Mnesia, table updates, and (UNIX) process bloat
Scott Lystig Fritchie
fritchie@REDACTED
Fri Apr 7 04:59:11 CEST 2006
In a followup to my own message ... I have a plea for the Gods of the
virtual machine.
Assume that I start the VM with "+Mim true" to get the memory
instrumentation enabled. Then assume I call the following function
and see this result:
erlang:system_info({allocator, binary_alloc}) ==>
[...
{mbcs,[{blocks,5609521,5617526,5617526},
{blocks_size,646515824,674100920,674100920},
{carriers,135,137,137},
{mseg_alloc_carriers,134},
{sys_alloc_carriers,1},
{carriers_size,679624744,690110504,690110504},
{mseg_alloc_carriers_size,679493632},
{sys_alloc_carriers_size,131112}]},
...]
As far as I can tell (without actually looking at source code to
verify ... ):
'blocks' = number of items allocated out of this "carrier"

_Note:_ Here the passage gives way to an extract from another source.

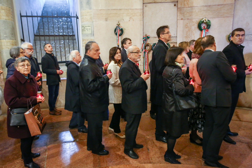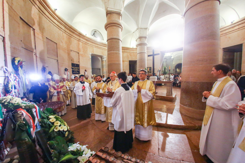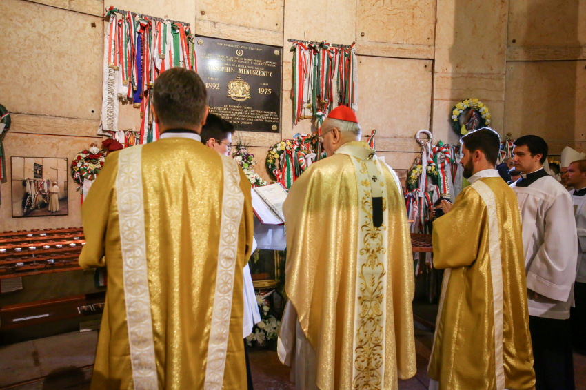 A liturgiát követően a püspökök, a jelen lévő papság, az állam és közélet, valamint a lovagrendek képviselői megkoszorúzták Mindszenty József sírját a bazilika altemplomában.

(to use the names from the "erts_alloc" document).
Each item is an individual binary term? Larger than 64 bytes
and thus allocated using the binary_alloc allocator?
'blocks_size' = sum of the size of each 'blocks' item. Perhaps
plus a little extra fudge/overhead/alignment?
'carriers_size' = sum of all memory region sizes allocated for
this carrier
OK, if those guesses are correct ... then if I see the 'blocks' and
'blocks_size' values increasing without an eventual decrease(*)
then I definitely have some >64 byte binary
term somewhere that's still referenced, right?
(*) Presumably due to garbage collection.